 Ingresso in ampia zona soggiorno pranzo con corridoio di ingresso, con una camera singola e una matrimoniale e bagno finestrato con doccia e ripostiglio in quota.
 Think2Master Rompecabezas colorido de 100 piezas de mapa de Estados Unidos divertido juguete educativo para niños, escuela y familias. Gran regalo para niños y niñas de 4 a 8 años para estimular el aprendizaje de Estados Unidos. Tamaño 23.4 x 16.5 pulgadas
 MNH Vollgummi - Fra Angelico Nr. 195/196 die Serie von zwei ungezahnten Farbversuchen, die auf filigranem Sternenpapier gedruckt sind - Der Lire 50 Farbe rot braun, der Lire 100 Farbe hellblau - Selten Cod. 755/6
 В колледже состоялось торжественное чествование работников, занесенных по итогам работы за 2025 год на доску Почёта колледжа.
---
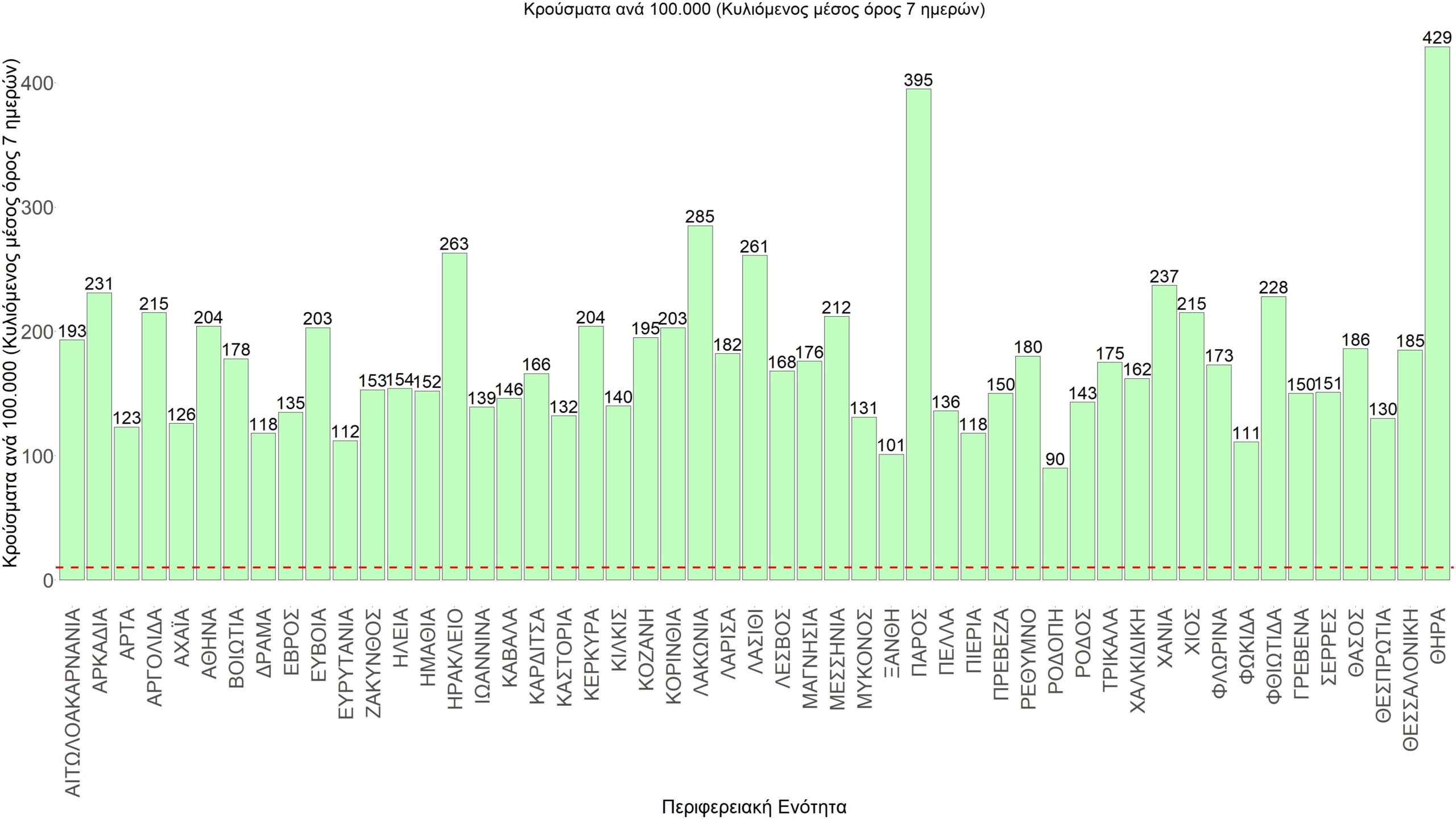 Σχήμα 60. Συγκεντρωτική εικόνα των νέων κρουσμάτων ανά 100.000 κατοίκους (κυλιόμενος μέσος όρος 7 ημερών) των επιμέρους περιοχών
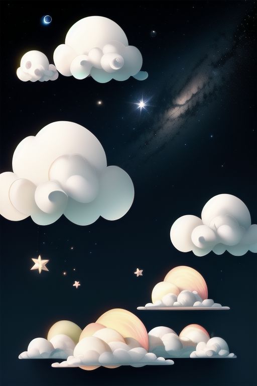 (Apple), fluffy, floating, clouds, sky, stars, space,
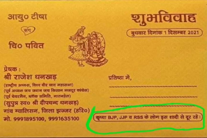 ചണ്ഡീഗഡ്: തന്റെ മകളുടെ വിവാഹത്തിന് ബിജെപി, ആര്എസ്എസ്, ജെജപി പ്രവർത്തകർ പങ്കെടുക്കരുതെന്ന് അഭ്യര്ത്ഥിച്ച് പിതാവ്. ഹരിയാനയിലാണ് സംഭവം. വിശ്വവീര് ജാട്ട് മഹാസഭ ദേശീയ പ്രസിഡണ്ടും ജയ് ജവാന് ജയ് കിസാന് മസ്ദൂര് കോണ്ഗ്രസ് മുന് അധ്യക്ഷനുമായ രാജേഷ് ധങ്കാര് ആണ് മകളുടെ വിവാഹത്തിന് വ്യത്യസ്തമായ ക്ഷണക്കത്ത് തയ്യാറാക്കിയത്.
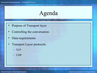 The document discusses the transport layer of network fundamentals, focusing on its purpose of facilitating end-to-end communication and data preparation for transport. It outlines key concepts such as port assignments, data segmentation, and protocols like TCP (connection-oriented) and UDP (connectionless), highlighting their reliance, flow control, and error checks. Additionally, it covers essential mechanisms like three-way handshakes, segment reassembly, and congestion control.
==
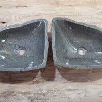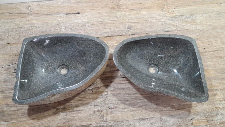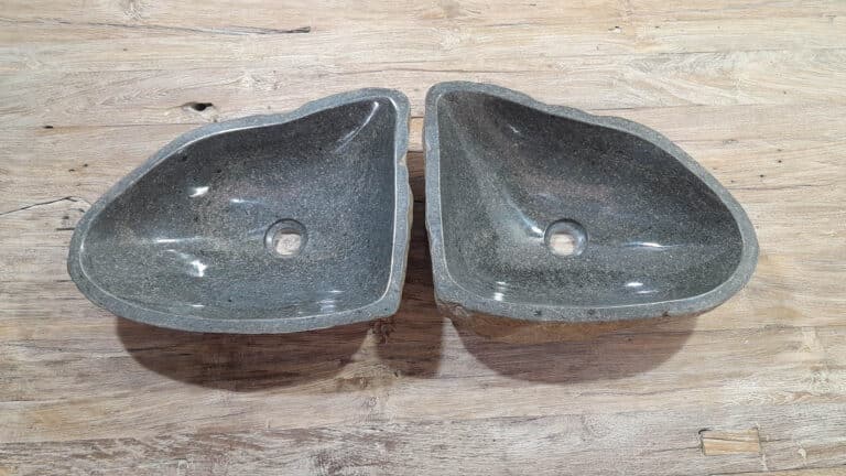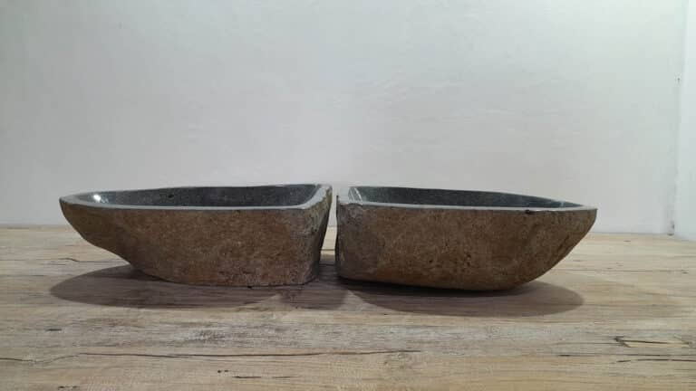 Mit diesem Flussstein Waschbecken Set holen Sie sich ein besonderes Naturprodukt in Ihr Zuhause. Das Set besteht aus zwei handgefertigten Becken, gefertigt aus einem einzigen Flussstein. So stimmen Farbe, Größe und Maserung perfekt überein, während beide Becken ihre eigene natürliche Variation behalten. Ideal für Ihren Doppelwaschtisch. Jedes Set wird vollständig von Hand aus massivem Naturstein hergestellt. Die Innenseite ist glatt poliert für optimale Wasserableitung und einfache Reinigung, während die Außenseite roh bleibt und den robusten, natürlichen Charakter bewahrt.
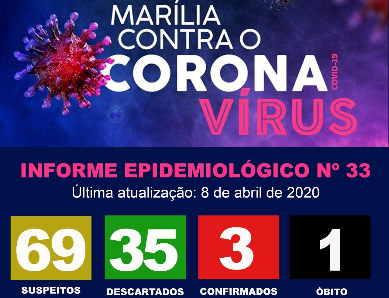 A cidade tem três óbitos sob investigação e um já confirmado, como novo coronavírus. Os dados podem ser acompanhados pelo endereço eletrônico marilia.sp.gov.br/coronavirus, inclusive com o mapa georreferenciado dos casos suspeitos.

Task statement: A word-for-word copy of the lines above from the one with "Think2Master Rompecabezas colorido" through the one with "MNH Vollgummi - Fra", inclusive, is the only output wanted.

Solution to this exercise:
 Think2Master Rompecabezas colorido de 100 piezas de mapa de Estados Unidos divertido juguete educativo para niños, escuela y familias. Gran regalo para niños y niñas de 4 a 8 años para estimular el aprendizaje de Estados Unidos. Tamaño 23.4 x 16.5 pulgadas
 MNH Vollgummi - Fra Angelico Nr. 195/196 die Serie von zwei ungezahnten Farbversuchen, die auf filigranem Sternenpapier gedruckt sind - Der Lire 50 Farbe rot braun, der Lire 100 Farbe hellblau - Selten Cod. 755/6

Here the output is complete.